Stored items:
*** Begin section ***

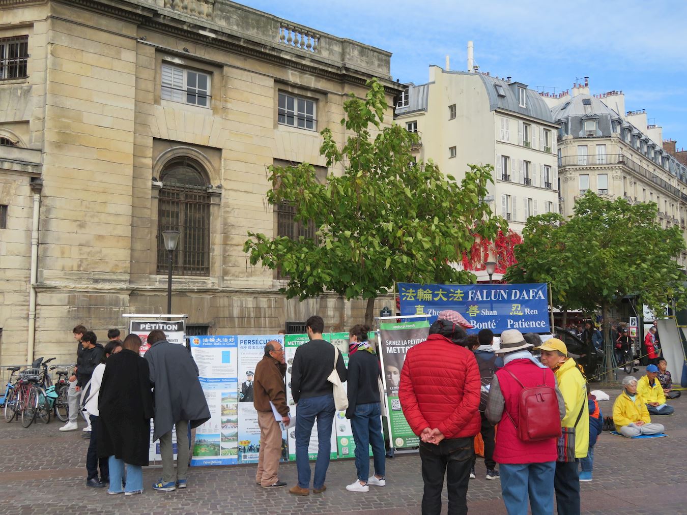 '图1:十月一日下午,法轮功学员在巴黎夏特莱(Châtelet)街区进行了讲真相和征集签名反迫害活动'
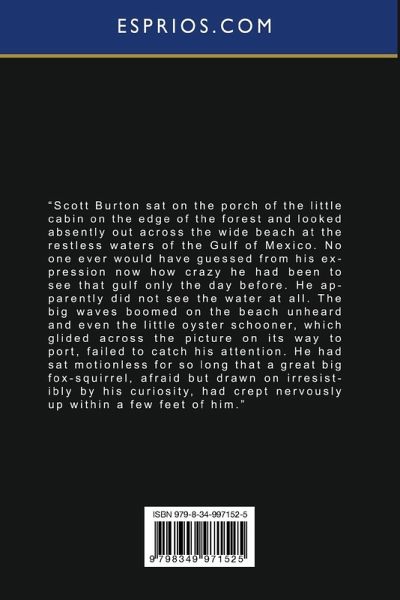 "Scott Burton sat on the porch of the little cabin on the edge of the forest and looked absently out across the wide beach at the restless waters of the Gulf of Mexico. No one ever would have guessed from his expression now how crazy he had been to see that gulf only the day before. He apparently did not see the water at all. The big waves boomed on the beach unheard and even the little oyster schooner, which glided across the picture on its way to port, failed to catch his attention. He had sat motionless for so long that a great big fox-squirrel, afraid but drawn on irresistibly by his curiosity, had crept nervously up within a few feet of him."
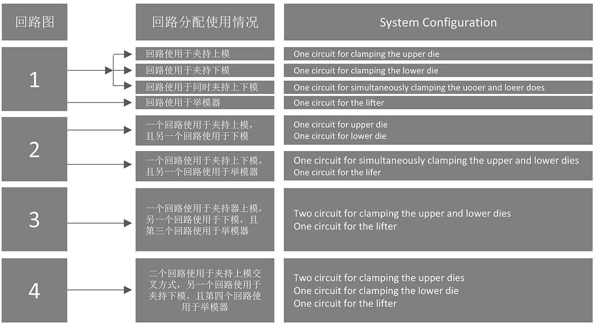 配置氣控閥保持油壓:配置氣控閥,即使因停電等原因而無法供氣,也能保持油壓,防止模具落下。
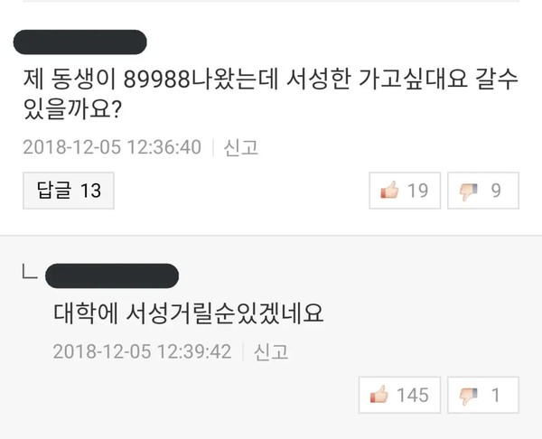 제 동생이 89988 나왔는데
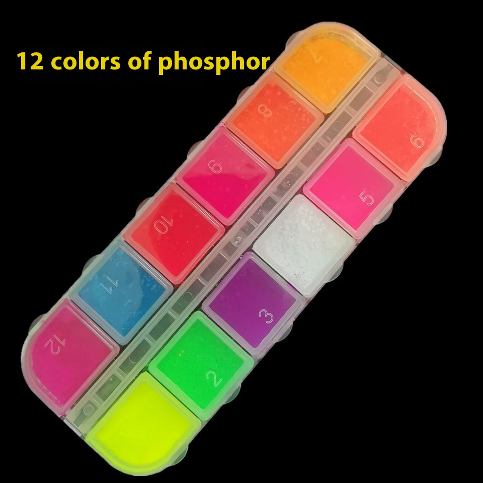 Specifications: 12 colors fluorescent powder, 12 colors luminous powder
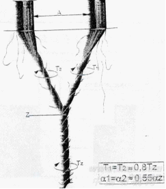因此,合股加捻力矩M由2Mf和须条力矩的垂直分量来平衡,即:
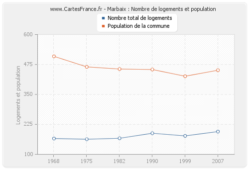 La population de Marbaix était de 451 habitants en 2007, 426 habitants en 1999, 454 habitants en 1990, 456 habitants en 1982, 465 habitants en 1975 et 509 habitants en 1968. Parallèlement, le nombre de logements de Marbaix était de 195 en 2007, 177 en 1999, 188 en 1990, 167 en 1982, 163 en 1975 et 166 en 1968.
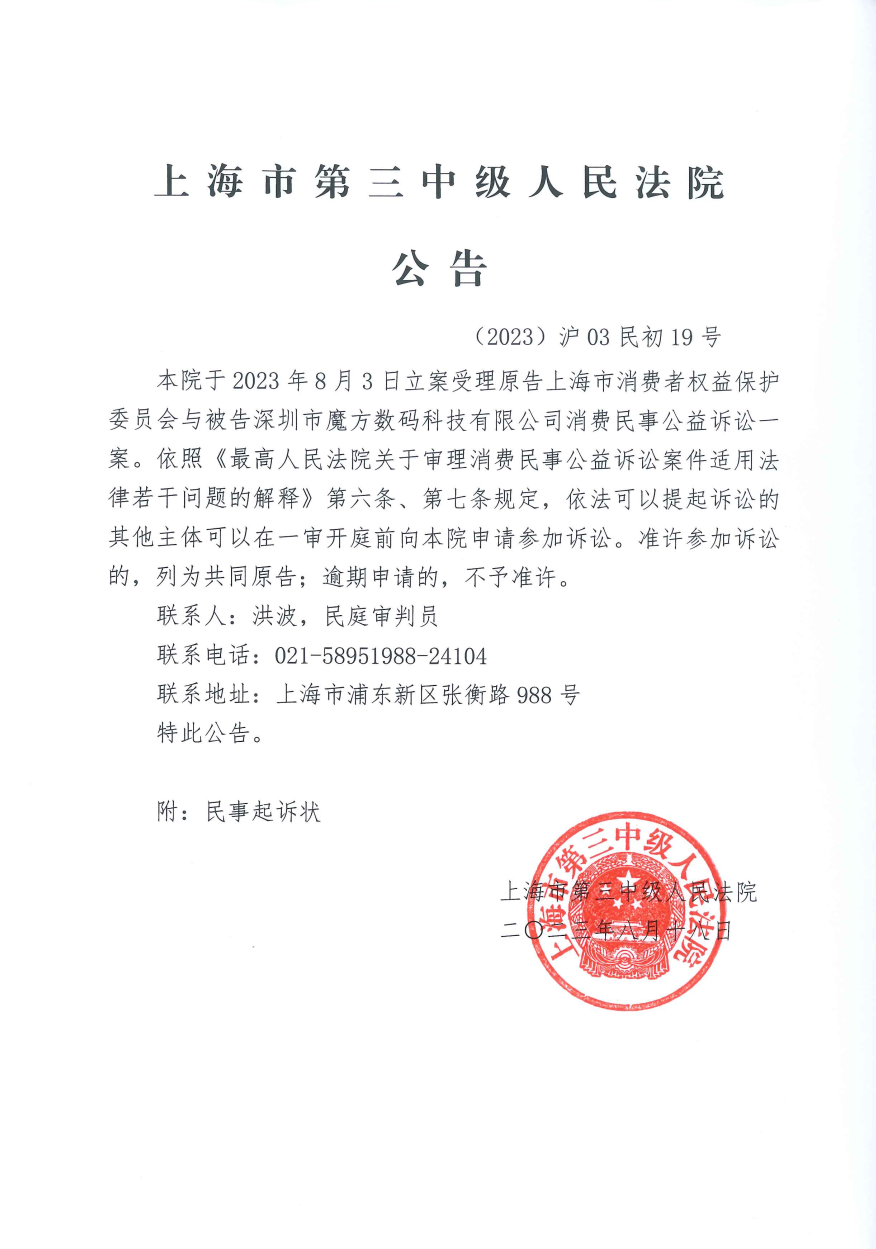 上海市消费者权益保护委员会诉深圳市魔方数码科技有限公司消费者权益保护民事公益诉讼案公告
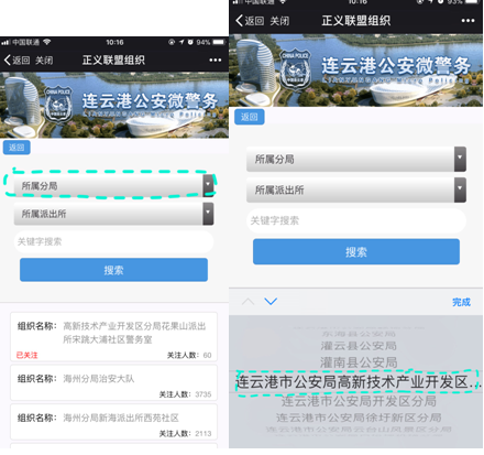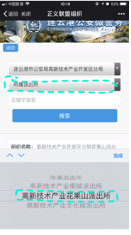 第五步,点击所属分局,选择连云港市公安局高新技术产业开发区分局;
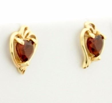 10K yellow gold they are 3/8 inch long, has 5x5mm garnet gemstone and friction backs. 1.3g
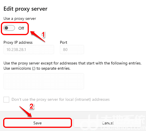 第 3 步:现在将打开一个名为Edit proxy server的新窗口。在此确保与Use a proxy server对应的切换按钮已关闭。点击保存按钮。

*** End section ***

■ **Try it**
Leaving the pictures out, transcribe the entries above exactly as written.

■ **Result**
 '图1:十月一日下午,法轮功学员在巴黎夏特莱(Châtelet)街区进行了讲真相和征集签名反迫害活动'
 "Scott Burton sat on the porch of the little cabin on the edge of the forest and looked absently out across the wide beach at the restless waters of the Gulf of Mexico. No one ever would have guessed from his expression now how crazy he had been to see that gulf only the day before. He apparently did not see the water at all. The big waves boomed on the beach unheard and even the little oyster schooner, which glided across the picture on its way to port, failed to catch his attention. He had sat motionless for so long that a great big fox-squirrel, afraid but drawn on irresistibly by his curiosity, had crept nervously up within a few feet of him."
 配置氣控閥保持油壓:配置氣控閥,即使因停電等原因而無法供氣,也能保持油壓,防止模具落下。
 제 동생이 89988 나왔는데
 Specifications: 12 colors fluorescent powder, 12 colors luminous powder
因此,合股加捻力矩M由2Mf和须条力矩的垂直分量来平衡,即:
 La population de Marbaix était de 451 habitants en 2007, 426 habitants en 1999, 454 habitants en 1990, 456 habitants en 1982, 465 habitants en 1975 et 509 habitants en 1968. Parallèlement, le nombre de logements de Marbaix était de 195 en 2007, 177 en 1999, 188 en 1990, 167 en 1982, 163 en 1975 et 166 en 1968.
 上海市消费者权益保护委员会诉深圳市魔方数码科技有限公司消费者权益保护民事公益诉讼案公告
 第五步,点击所属分局,选择连云港市公安局高新技术产业开发区分局;
 10K yellow gold they are 3/8 inch long, has 5x5mm garnet gemstone and friction backs. 1.3g
 第 3 步:现在将打开一个名为Edit proxy server的新窗口。在此确保与Use a proxy server对应的切换按钮已关闭。点击保存按钮。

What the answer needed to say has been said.